YOUR ASSIGNMENT:
Return all the data below as it stands, minus the pictures.

++++ DATA SHOWN ++++

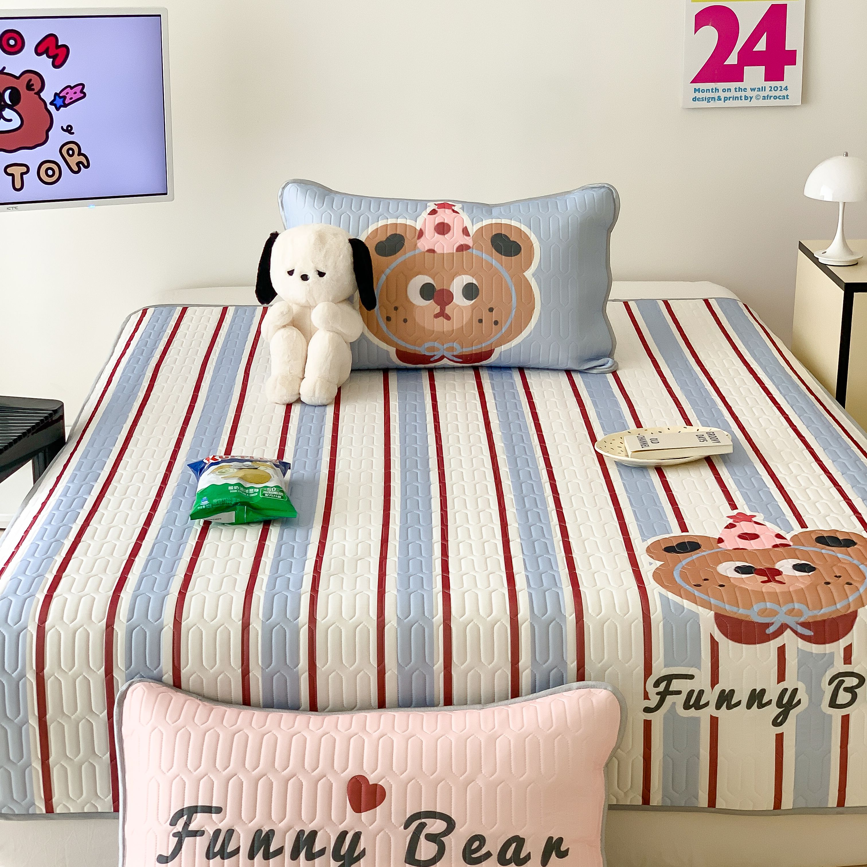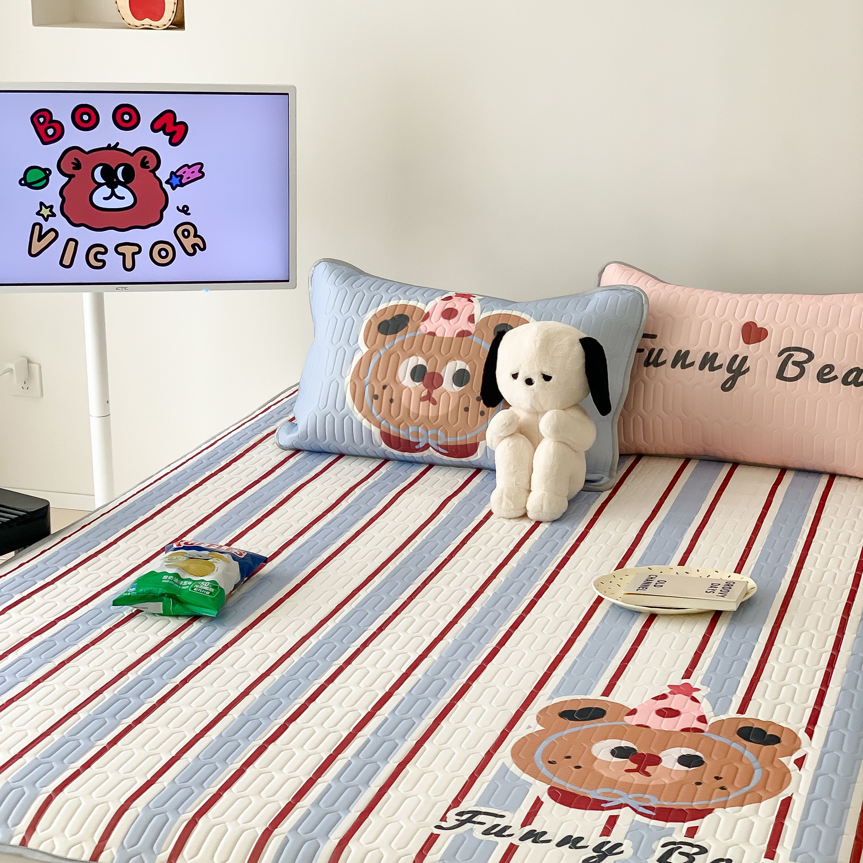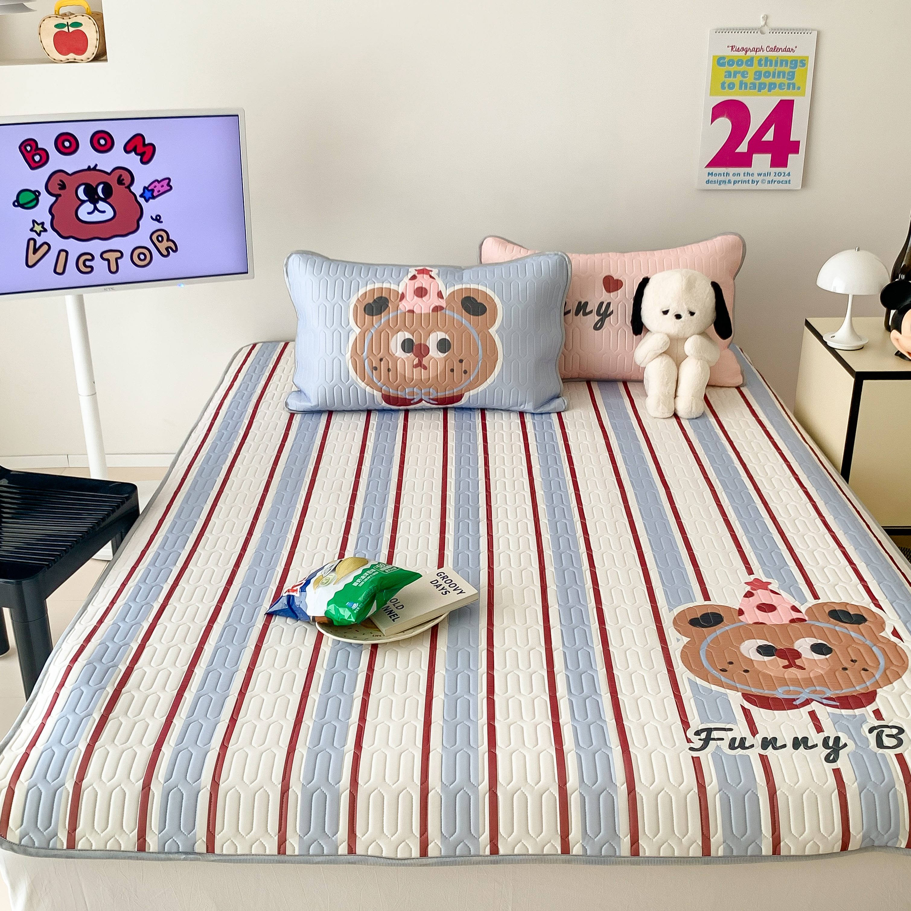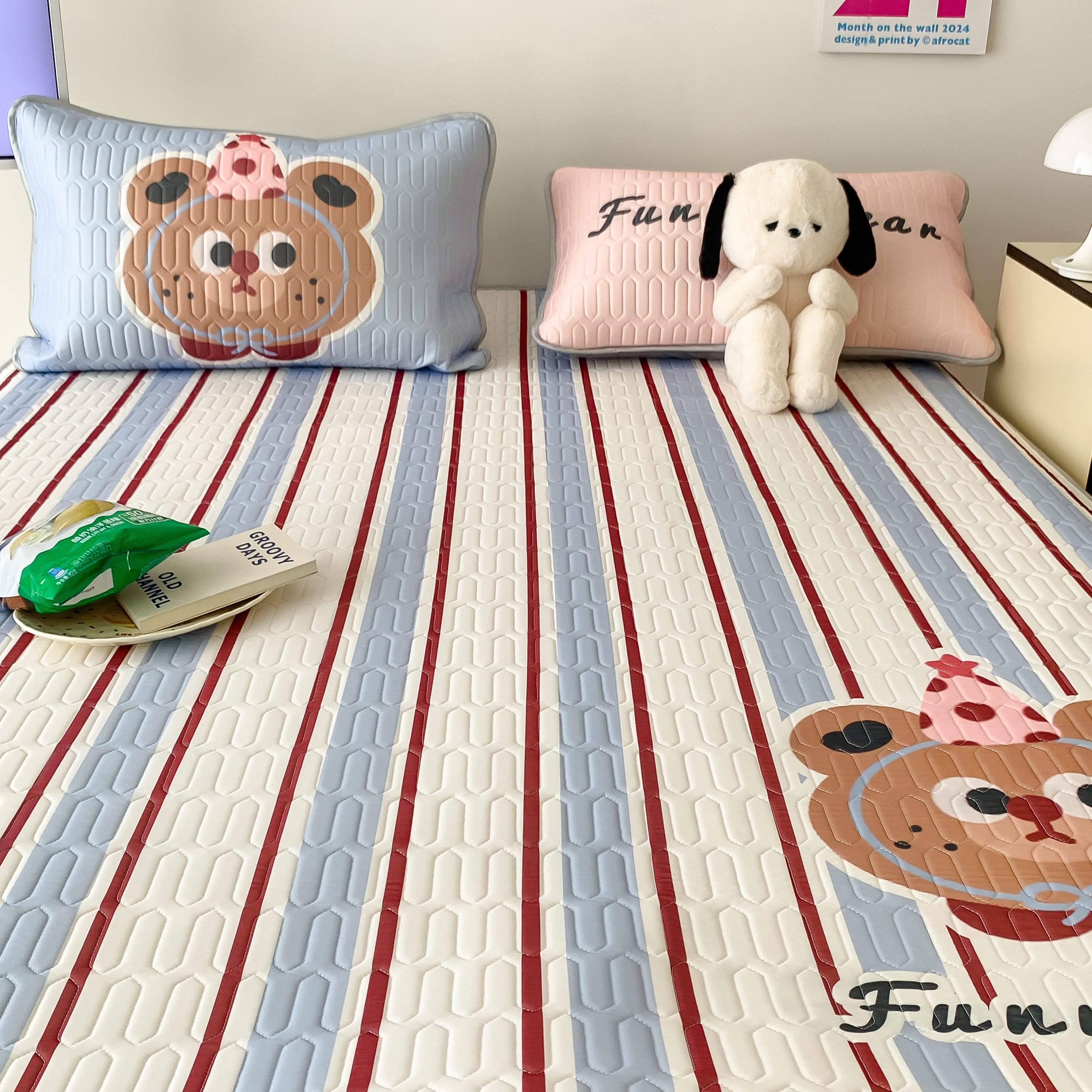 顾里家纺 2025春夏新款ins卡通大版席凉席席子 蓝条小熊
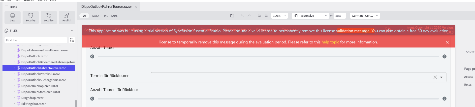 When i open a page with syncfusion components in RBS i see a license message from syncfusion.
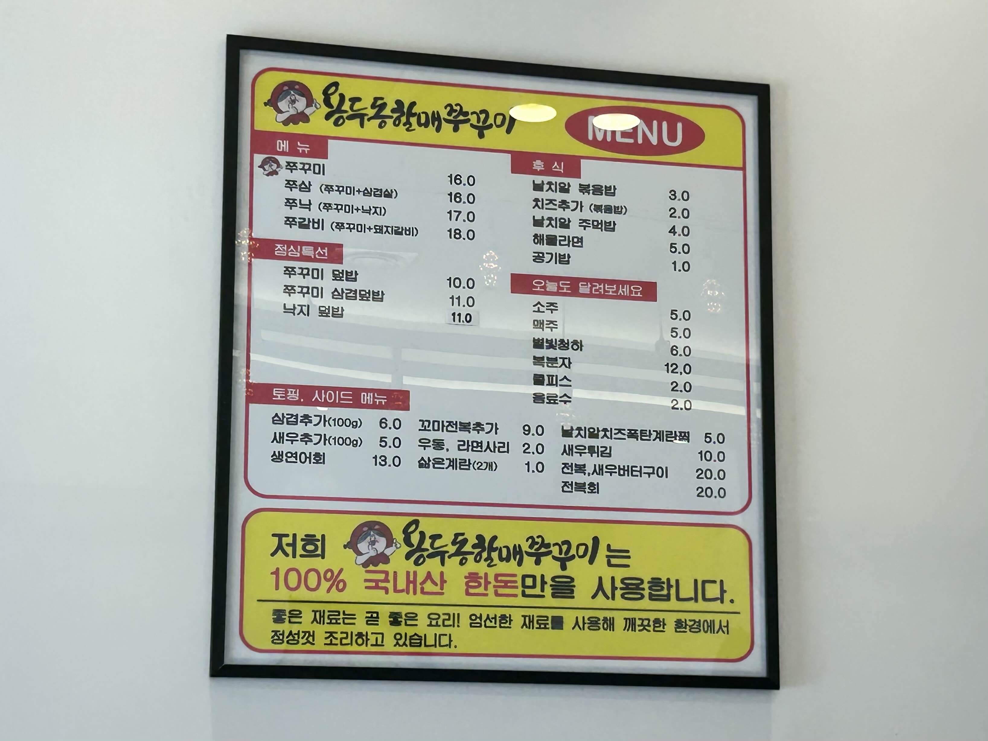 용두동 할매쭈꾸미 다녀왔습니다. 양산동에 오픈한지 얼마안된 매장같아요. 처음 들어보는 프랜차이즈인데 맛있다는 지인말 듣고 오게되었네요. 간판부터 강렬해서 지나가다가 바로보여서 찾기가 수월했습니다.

++++

PROBLEM SOLUTION:
 顾里家纺 2025春夏新款ins卡通大版席凉席席子 蓝条小熊
 When i open a page with syncfusion components in RBS i see a license message from syncfusion.
 용두동 할매쭈꾸미 다녀왔습니다. 양산동에 오픈한지 얼마안된 매장같아요. 처음 들어보는 프랜차이즈인데 맛있다는 지인말 듣고 오게되었네요. 간판부터 강렬해서 지나가다가 바로보여서 찾기가 수월했습니다.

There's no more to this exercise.